### [ABOUT THIS EXERCISE]
Retype the listing exactly as it stands, and keep every image out.

### [EXTRACTED ENTRIES]
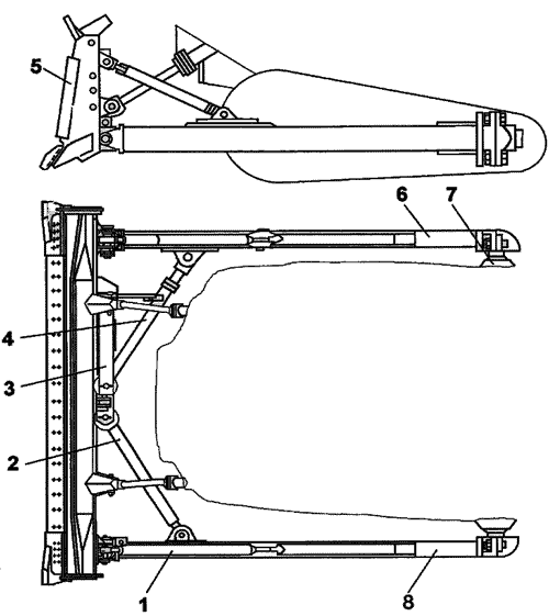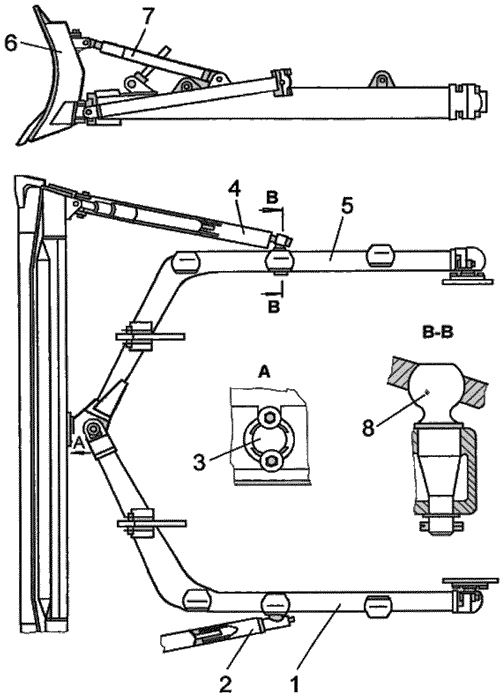 1-раскос винтовой; 2-тяга; 3-балка; 4-подкос; 5-отвал прямой; 6, 8-брус толкающий; 7-опора шаровая.
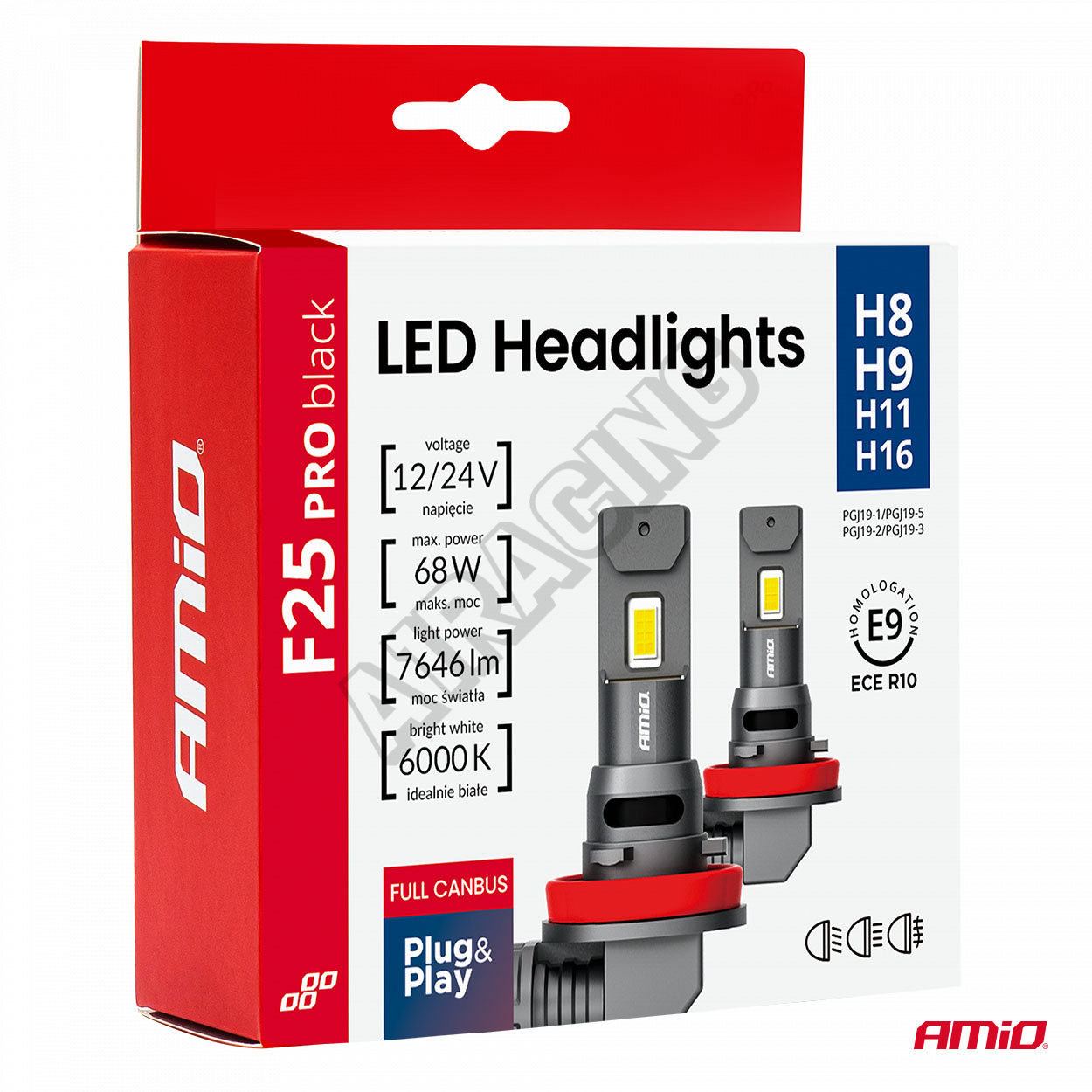 Automobilové LED žárovky série F25 PRO BLACK FULL CANBUS H8 H9 H11 H16 68W 12V 24V
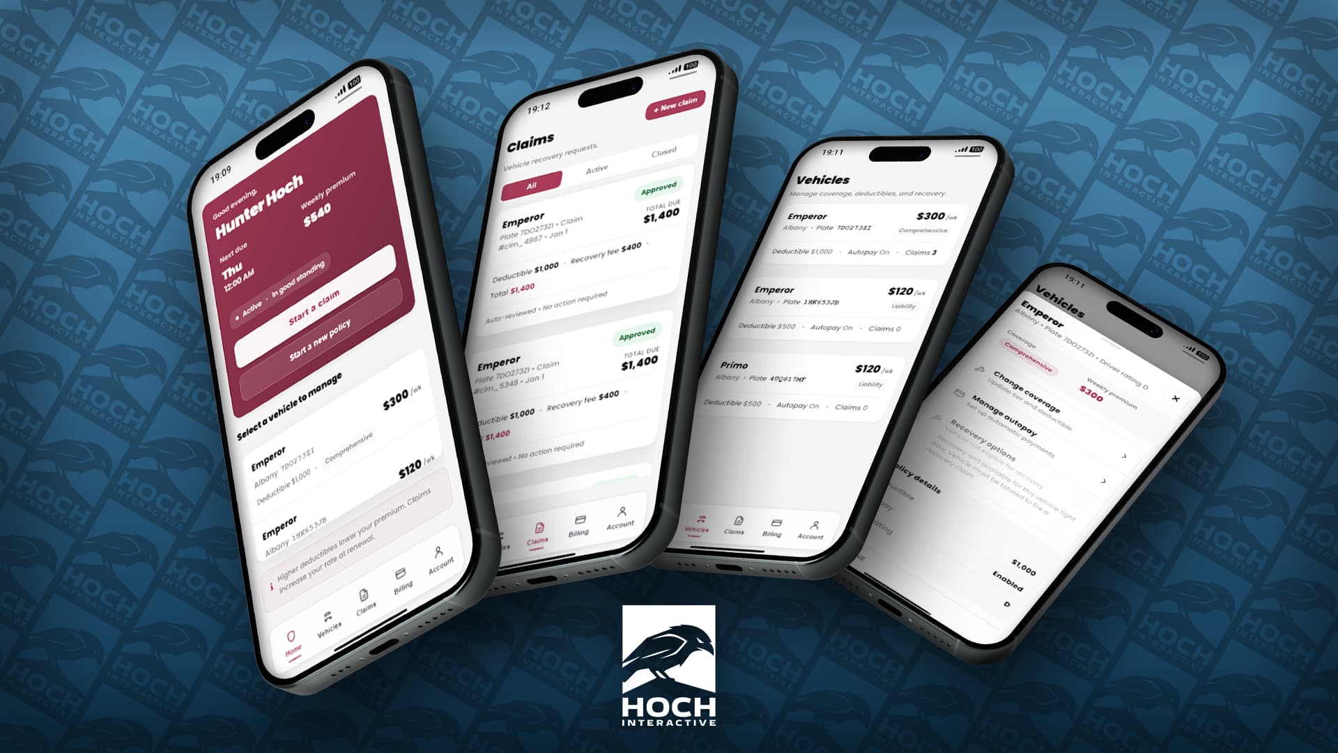 - Vehicles: Coverage, premium, deductible, autopay, claim count + quick claim shortcut
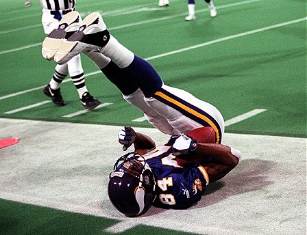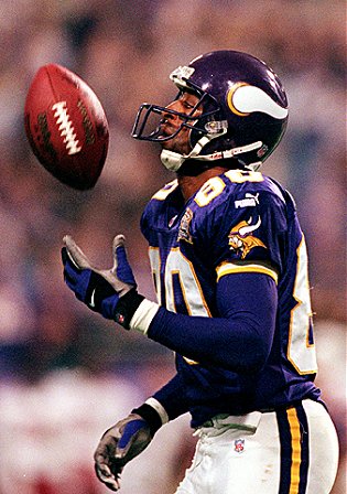 Catch im 4. Quarter spielt Cris Carter mit dem Ball.
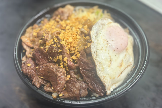 (牛ハラミ焼肉・牛カルビ焼肉・フライドガーリック・目玉焼きトッピング)
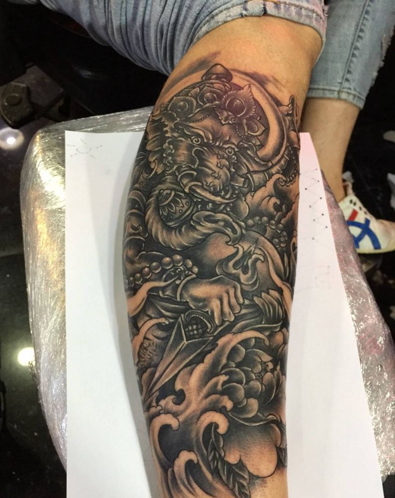 • T网红王老大花腿龙纹身图片_腿部新传统纹身图案
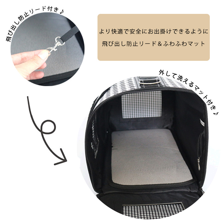 ペットキャリー 折りたたみペットキャリー Mサイズ お出かけ 散歩 病院 旅行 メッシュ素材 通気性抜群 ベルト付き キャリーケース 飛び出し防止リード付き 快適 安全 ふわふわマット 洗えるマット付き 2wayタイプ 手持ち 肩掛け
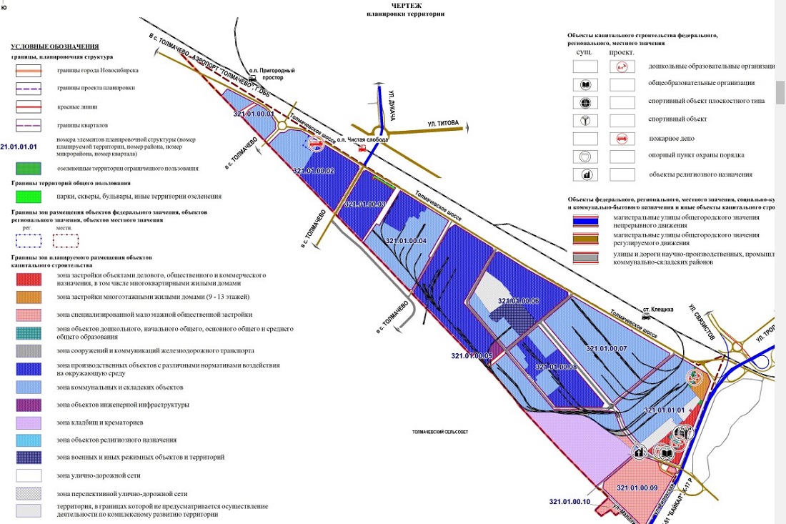 Во-вторых, улицу Дукача продлят до Толмачёвского сельсовета сквозь промышленную зону, перекинув путепровод через железнодорожную линию. Улицу Титова доведут до границы Новосибирска, а в месте пересечения с ж/д веткой построят путепровод для автомобилей, трамвая и пешеходов. Схема проекта планировки показывает, что в этой же локации появится остановочный пункт городской электрички Чистая слобода.
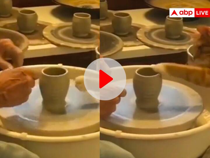 ट्विटर पर शेयर किए गए इस वीडियो में एक आदमी को कुम्हार की तरह मिट्टी के बरतन बनाते हुए देखा जा सकता है. वहीं उसके साथ एक छोटी बिल्ली भी मौजूद होती है जो बड़ी जिज्ञासा से पॉट बनते देखती है. बिल्ली की जिज्ञासा यहीं शांत नहीं होती वो अपना हाथ भी इस पर आजमाती हुई वीडियो में नजर आती है. बिल्ली को इस तरह मिट्टी के बर्तन बनाते देख आप हैरान रह जायेंगे.
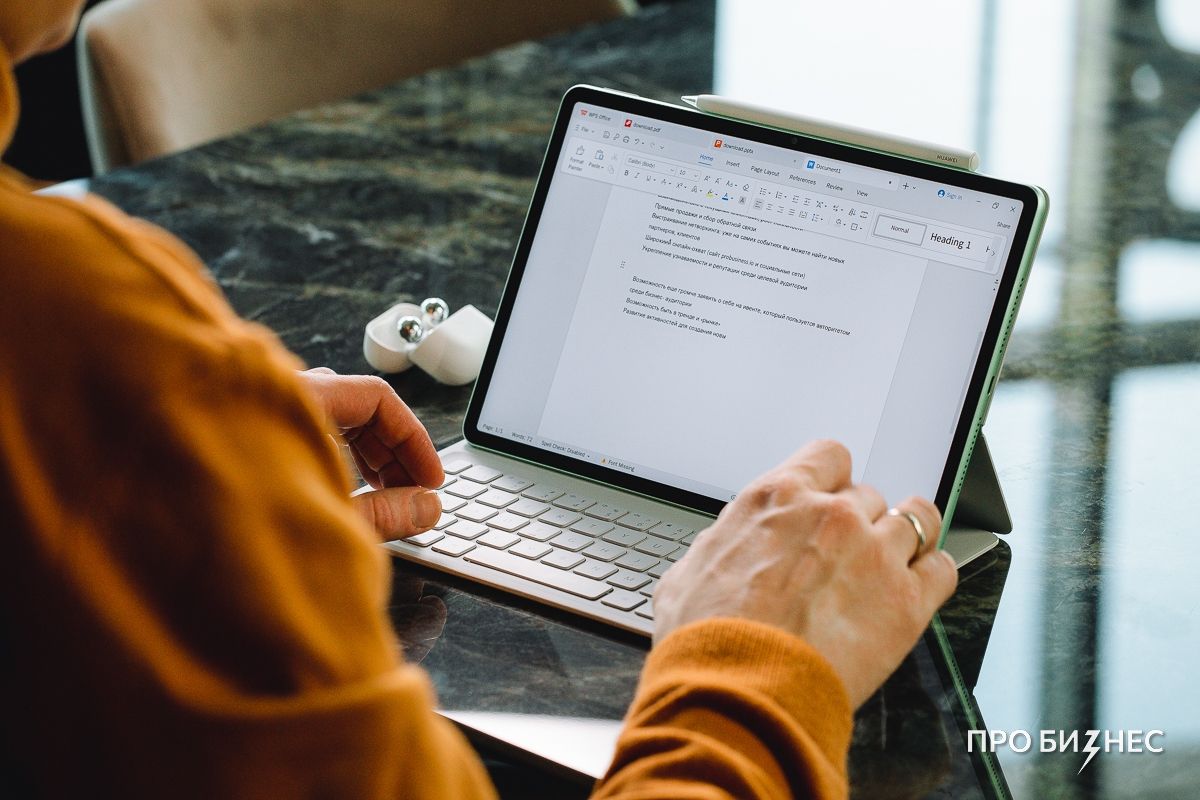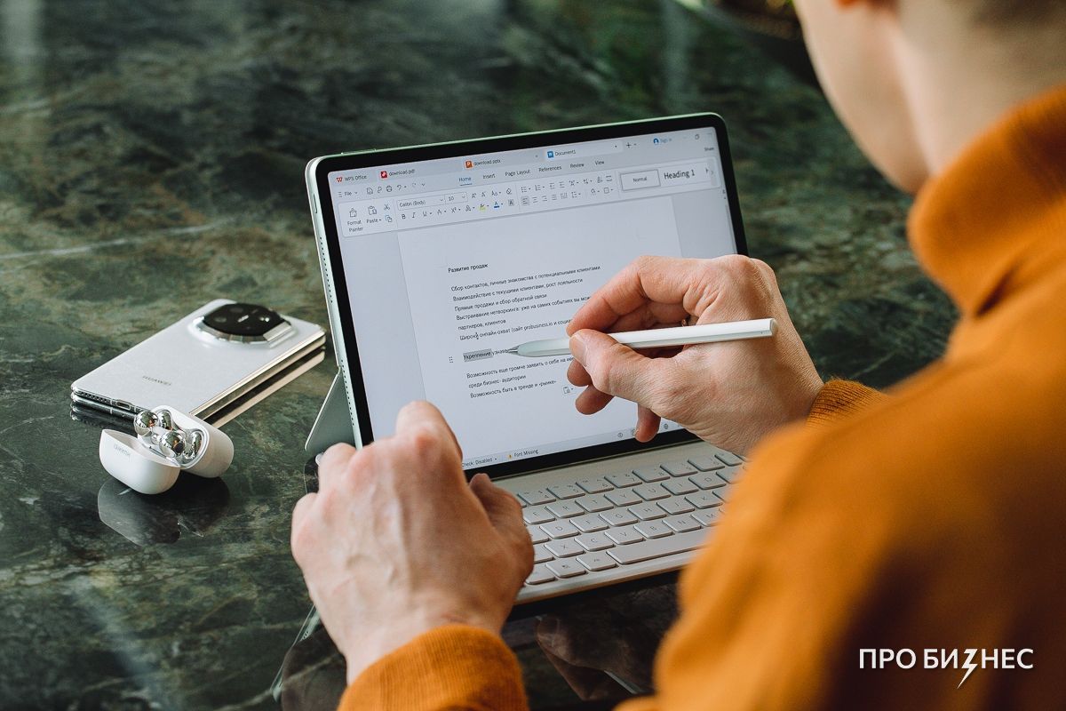 В какой-то момент неизбежно появляется срочная задача: уточнить условия, внести правки в документ или обновить презентацию. Я подключаю магнитную клавиатуру и работаю с текстом уже в привычной логике. Плюс в том, что компьютерная версия приложения WPS Office уже предустановлена: документы, таблицы и презентации можно открыть сразу, быстро отредактировать и отправить без лишних задержек.

### [EXERCISE ANSWER]
 1-раскос винтовой; 2-тяга; 3-балка; 4-подкос; 5-отвал прямой; 6, 8-брус толкающий; 7-опора шаровая.
 Automobilové LED žárovky série F25 PRO BLACK FULL CANBUS H8 H9 H11 H16 68W 12V 24V
 - Vehicles: Coverage, premium, deductible, autopay, claim count + quick claim shortcut
 Catch im 4. Quarter spielt Cris Carter mit dem Ball.
 (牛ハラミ焼肉・牛カルビ焼肉・フライドガーリック・目玉焼きトッピング)
 • T网红王老大花腿龙纹身图片_腿部新传统纹身图案
 ペットキャリー 折りたたみペットキャリー Mサイズ お出かけ 散歩 病院 旅行 メッシュ素材 通気性抜群 ベルト付き キャリーケース 飛び出し防止リード付き 快適 安全 ふわふわマット 洗えるマット付き 2wayタイプ 手持ち 肩掛け
 Во-вторых, улицу Дукача продлят до Толмачёвского сельсовета сквозь промышленную зону, перекинув путепровод через железнодорожную линию. Улицу Титова доведут до границы Новосибирска, а в месте пересечения с ж/д веткой построят путепровод для автомобилей, трамвая и пешеходов. Схема проекта планировки показывает, что в этой же локации появится остановочный пункт городской электрички Чистая слобода.
 ट्विटर पर शेयर किए गए इस वीडियो में एक आदमी को कुम्हार की तरह मिट्टी के बरतन बनाते हुए देखा जा सकता है. वहीं उसके साथ एक छोटी बिल्ली भी मौजूद होती है जो बड़ी जिज्ञासा से पॉट बनते देखती है. बिल्ली की जिज्ञासा यहीं शांत नहीं होती वो अपना हाथ भी इस पर आजमाती हुई वीडियो में नजर आती है. बिल्ली को इस तरह मिट्टी के बर्तन बनाते देख आप हैरान रह जायेंगे.
 В какой-то момент неизбежно появляется срочная задача: уточнить условия, внести правки в документ или обновить презентацию. Я подключаю магнитную клавиатуру и работаю с текстом уже в привычной логике. Плюс в том, что компьютерная версия приложения WPS Office уже предустановлена: документы, таблицы и презентации можно открыть сразу, быстро отредактировать и отправить без лишних задержек.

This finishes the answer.